The curfew has been established on the basis of an emergency law, which states that a cabinet can introduce rules in an emergency without consulting the House of Representatives and the Senate.
But, according to the court, the curfew is not an emergency "as is the case with a dyke breach".
The lifting of the curfew is effective immediately.

France is to hold experimental concerts in Paris and Marseille in the spring to work out how to reopen the culture sector. Culture Minister Roselyne Bachelot says she’s very optimistic about seated events but standing events are more complicated. If all goes according to plan, 1,000 people will attend a seated event at the Marseille Dôme venue in the second half of March with the audience having the chance to stand up.

Italy’s last-minute decision to halt the reopening of ski resorts until 5 March has prompted the new government’s first row. Local governors and some ministers are furious and a flash mob staged a protest at the northern resort of Bardonecchia.

The Czech government has approved plans for a “state of danger” to replace a state of emergency rejected last week by MPs. Many but not all the emergency powers will be available. The government in Prague wants to gradually reopen schools from 1 March.

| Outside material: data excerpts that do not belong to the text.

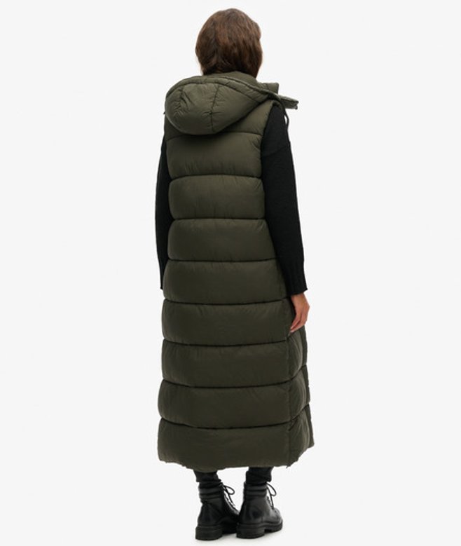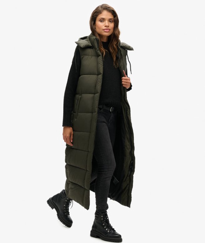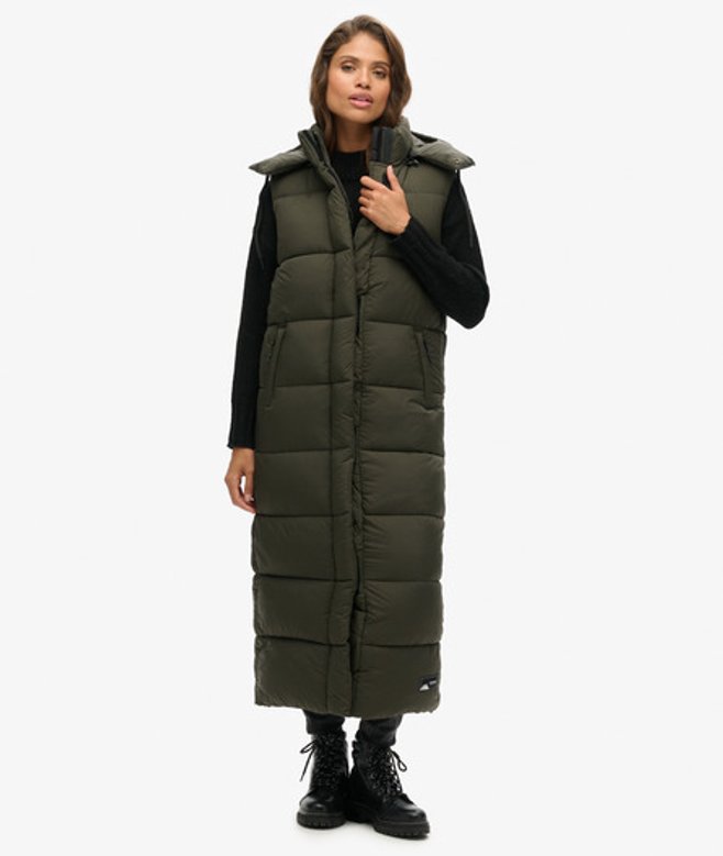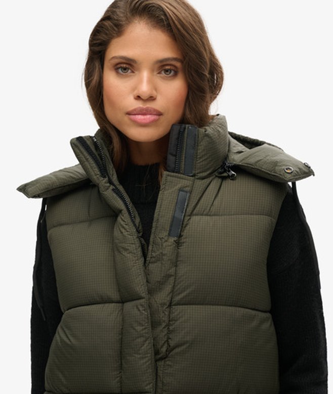 Superdry Lange Bodywarmer met Capuchon en Ripstop Groen
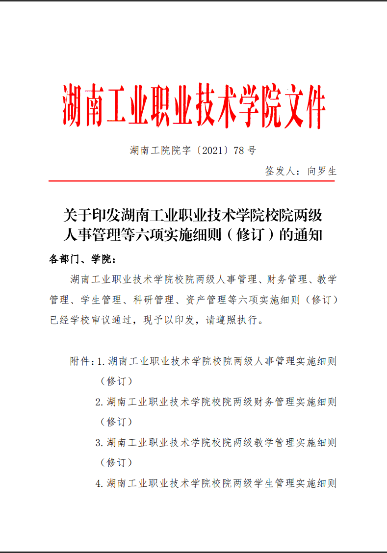 关于印发九游·官方网站校院两级人事管理等六项实施细则(修订)的通知
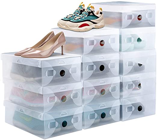 - Qué hay en la caja: Paquete de 18 cajas de zapatos transparentes con puertas delanteras, diseño plegable y apilable, orificios de ventilación. Despídete de los zapatos dispersos por todas partes y pon tus zapatos en orden ahora
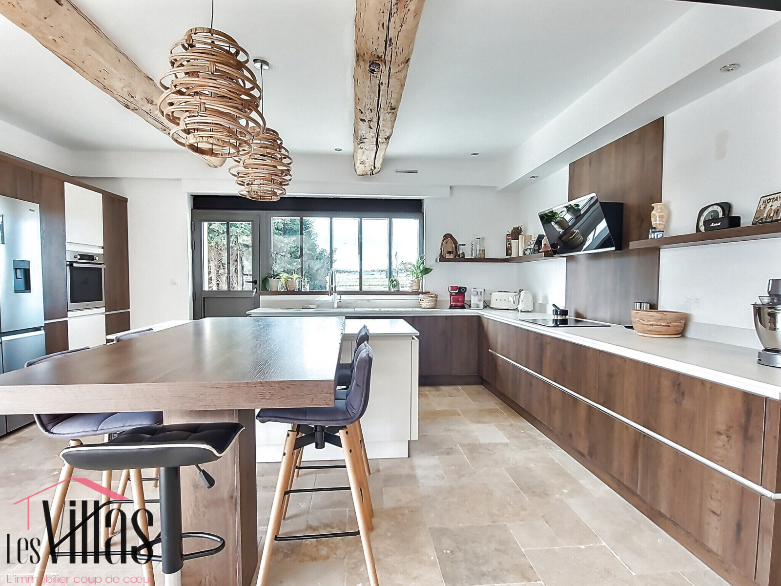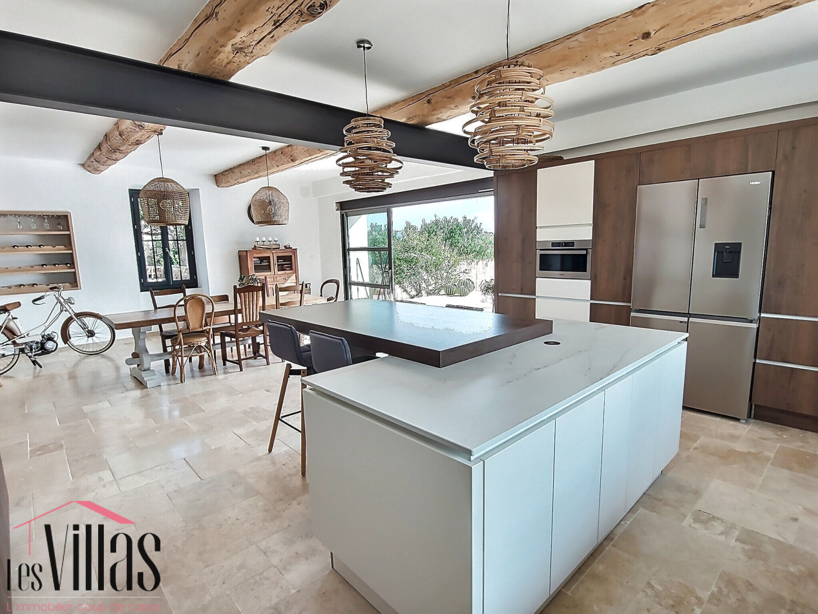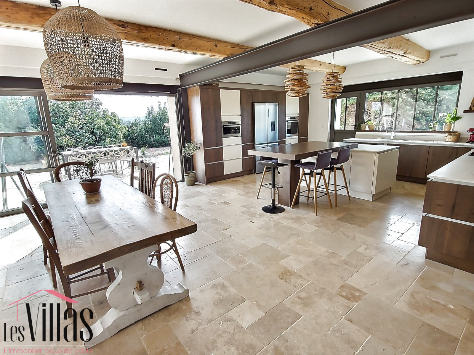 Au rez-de-chaussée, vous trouverez une spacieuse et lumineuse cuisine ouverte sur la salle à manger. Par une grande baie vitrée, vous accédez à la terrasse avec vue sur la piscine et sur le jardin de plus de 3300 m2.
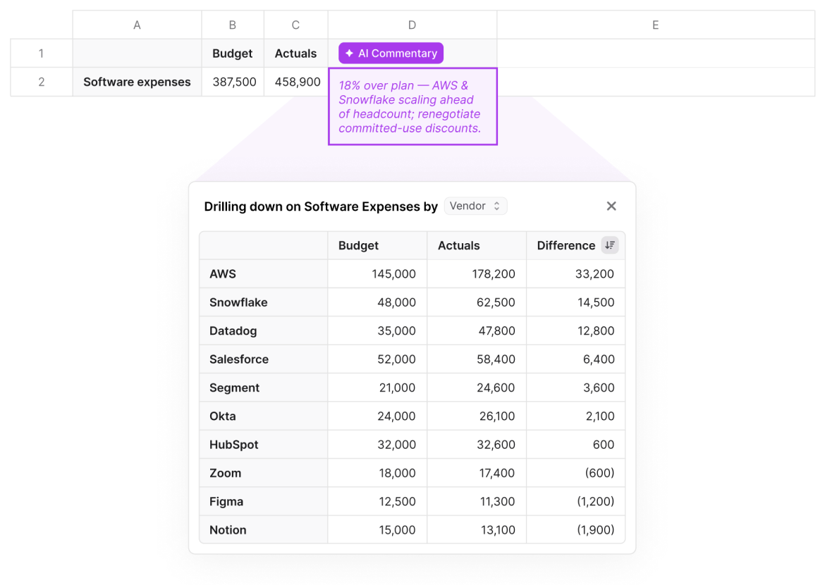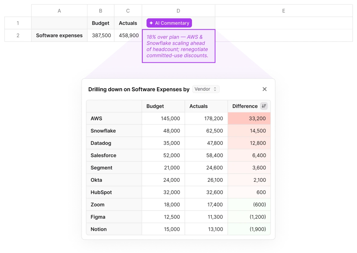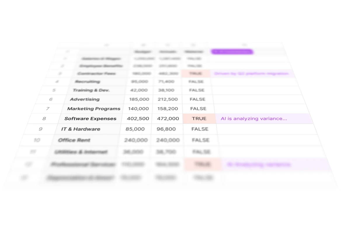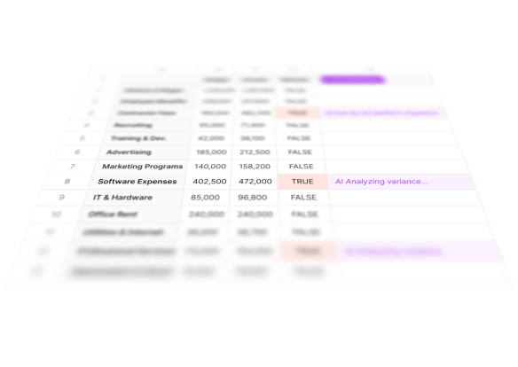 to begin with, this is just like a normal LF Explorer. So if you look into it, what I'm doing here is I'm just bringing by account, by month, for a few months, my financials, and I'm adding here these calculated items of the difference and difference percent. If I pull this, it's, you know, normal non AI left functionality. And then the what you can do with this new feature is add like an AI variance analysis to it. So if I come here and I select pull and scan, I can choose my threshold for what's material, and I can give it a go. This will pull date again. It will signal which are the columns that have material differences based on our threshold. So here you see, we have, like, five or seven. And from there, it's gonna go one by one. And what's it doing in the background, and this takes, you know, between forty five seconds and a minute, is is taking each of these. So let's say legal services, it's doing a drill down by different, dimensions. So it's coming and saying, okay. I'm gonna do it by department. I'm gonna do it by class. And then it's aggregating all of that up. So one of the things that they do in background is something like this, where you see we have quite a bit of vendor level detail. And now we finish, and you can see if I choose that same sample, it's a very simple one. The overall difference is one seven point three, and then there was one vendor, particularly, Lee and Associates that explains most of the difference, and that's what the AI surfaced. The idea is that not only the AI surfaces this, but also it's very easy to check its work. So if you select and you try to do the same drill down again, it will automatically suggest that vendor name is the dimension that would make this interesting. Two other things to highlight. So this works with other you know, every other, dimension. Here you see that we're doing it by location. But the the two things that are, interesting to highlight on top of that is, one is this one, that if the AI doesn't find something interesting, it won't hallucinate. It will just tell you, I couldn't find anything interesting. The other thing that is, worth highlighting is in a case like this one where we have events and retreats. If I do many, many drill downs, nothing will be interesting. And the best one will be transaction memo. But if I do the transaction memo drill down, that is the one that the AI is going to suggest in this case. I will also see that there's a lot of transaction level detail that is not very structured. But I do see that if I can go and filter, I will see certain themes, and I will see that there's a lot of expenses, roughly thirty nine k, that are tagged with retreat. And that is what the AI did. It says that if I'm grouping, if I'm going to all of these detail and saying there's a lot of these are retreat, I see that there's thirty seven k, from thirty two lines related to retreats. So you don't necessarily need the perfect data for this to make sense. You can also take advantage of the idea of AI doing that cleaning and that grouping for you on the flight.
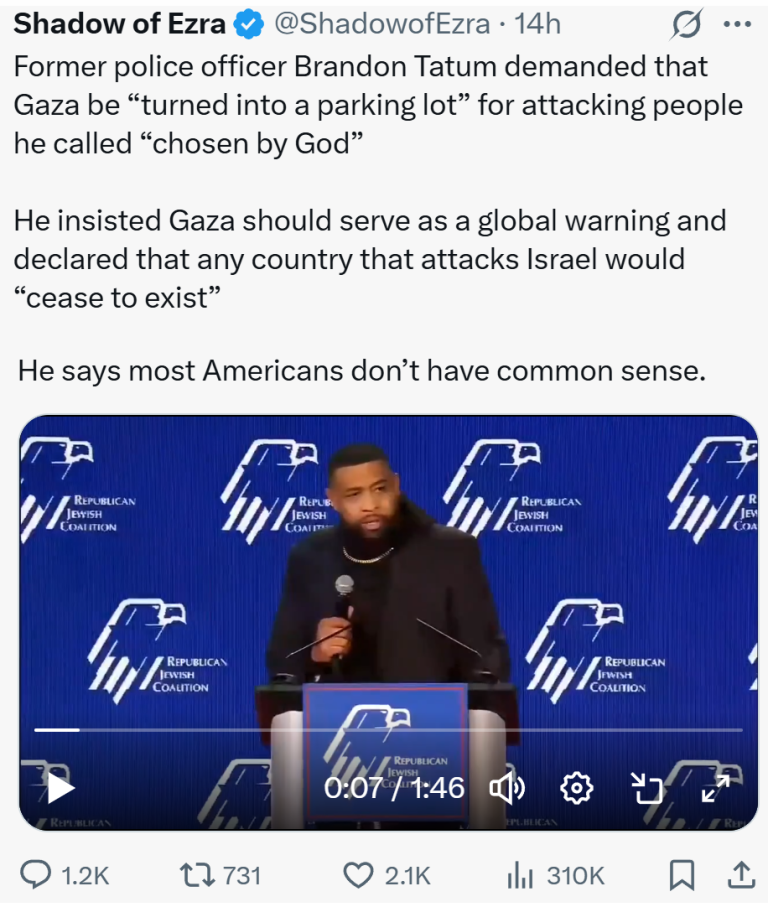 He insisted Gaza should serve as a global warning and declared that any country that attacks Israel would “cease to exist”
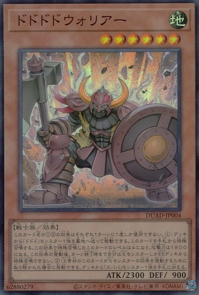 このカード名の①②の効果はそれぞれ1ターンに1度しか使用できない。①:デッキから「ドドド」モンスター1体を墓地へ送って発動できる。このカードを手札から特殊召喚する。この効果で特殊召喚したこのカードはレベル4になり、攻撃力は1800になる。この効果の発動後、ターン終了時まで自分はXモンスターしかEXデッキから特殊召喚できない。②:X素材のこのカードがXモンスターの効果を発動するために取り除かれた場合に発動できる。デッキから「ズババ」モンスター1体を手札に加える。

Germany's BDI industry federation has warned of major consequences because of border closures with the Czech Republic and Austria's Tyrol region. Director Joachim Lang says there's a risk of European supply chains breaking down.

An opposition motion of no confidence in Slovenia’s government for its handling of Covid and for alleged undemocratic behaviour has failed by six votes. Opposition MPs accused PM Janez Jansa of trying to turn Slovenia into an “authoritarian democracy”.